Please reproduce all the data exactly as written and omit the pictures.

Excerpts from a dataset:

══════════════════════════════

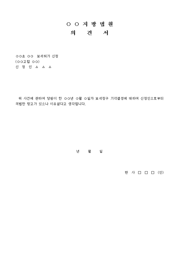의견서 입니다. 위 사건에 관하여 당원이 한 ○○년 ○월 ○일자 보석청구 기각결정에 대하여 신청인으로 부터 적법한 항고가 있으나 이유없다고 생각합니다. ...
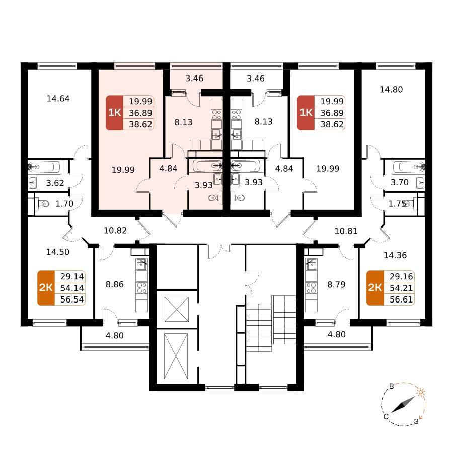 1-к. квартира, 38 м²
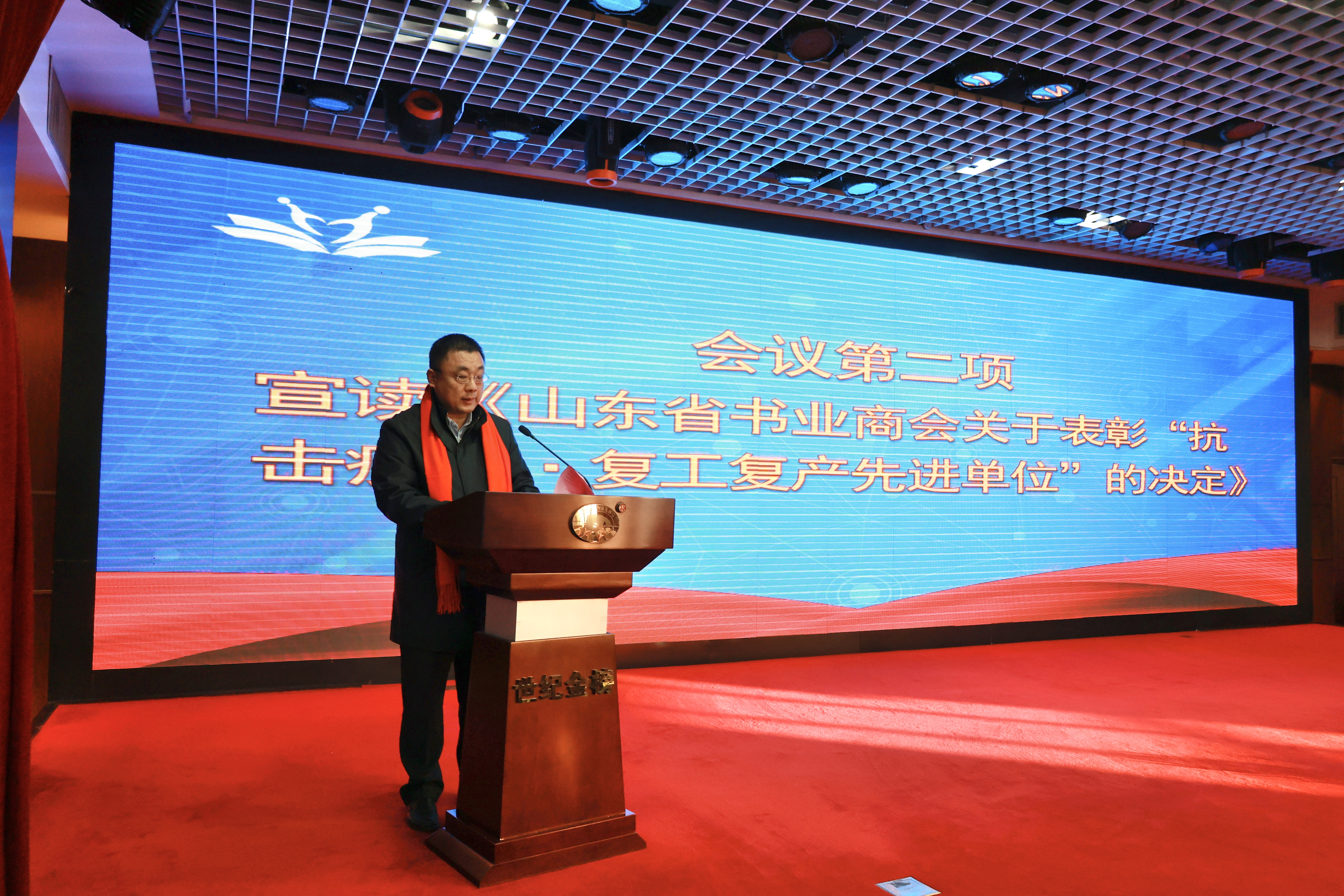 商會(huì)常務(wù)副會(huì)長(zhǎng)魏立文宣讀了《山東省書業(yè)商會(huì)關(guān)于表彰“抗擊疫情·復(fù)工復(fù)產(chǎn)先進(jìn)單位”的決定》,山東中教產(chǎn)業(yè)發(fā)展集團(tuán)股份有限公司等15家單位憑借在抗擊疫情、復(fù)工復(fù)產(chǎn)中的突出作為和優(yōu)異成績(jī),榮獲“抗擊疫情·復(fù)工復(fù)產(chǎn)先進(jìn)單位”稱號(hào)。
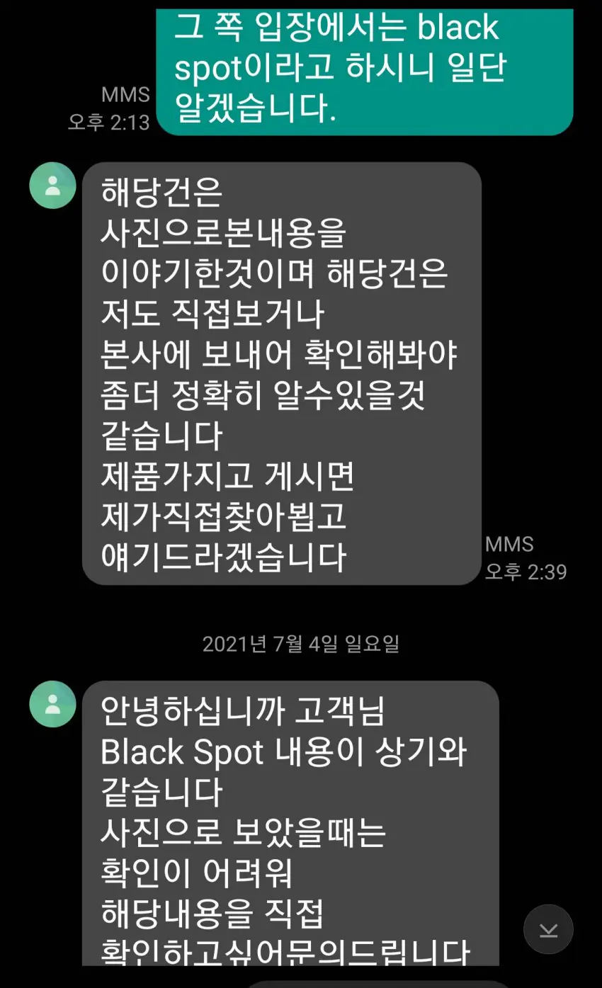 왜 black spot 클레임 대응을 한건지 이해가 안됨
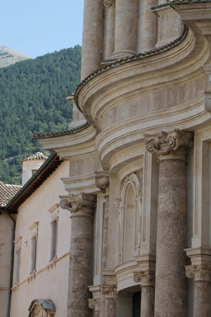 Le volute berniniane della facciata della chiesa nella Abbazia di Santo Spirito a Morrone, che non hanno bisogno di nessuna beneficenza per essere fruite dal turismo culturale
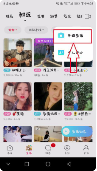 1、打开陌陌,点击“直播”选项;

══════════════════════════════

▸ **Solution to this problem**
의견서 입니다. 위 사건에 관하여 당원이 한 ○○년 ○월 ○일자 보석청구 기각결정에 대하여 신청인으로 부터 적법한 항고가 있으나 이유없다고 생각합니다. ...
 1-к. квартира, 38 м²
 商會(huì)常務(wù)副會(huì)長(zhǎng)魏立文宣讀了《山東省書業(yè)商會(huì)關(guān)于表彰“抗擊疫情·復(fù)工復(fù)產(chǎn)先進(jìn)單位”的決定》,山東中教產(chǎn)業(yè)發(fā)展集團(tuán)股份有限公司等15家單位憑借在抗擊疫情、復(fù)工復(fù)產(chǎn)中的突出作為和優(yōu)異成績(jī),榮獲“抗擊疫情·復(fù)工復(fù)產(chǎn)先進(jìn)單位”稱號(hào)。
 왜 black spot 클레임 대응을 한건지 이해가 안됨
 Le volute berniniane della facciata della chiesa nella Abbazia di Santo Spirito a Morrone, che non hanno bisogno di nessuna beneficenza per essere fruite dal turismo culturale
 1、打开陌陌,点击“直播”选项;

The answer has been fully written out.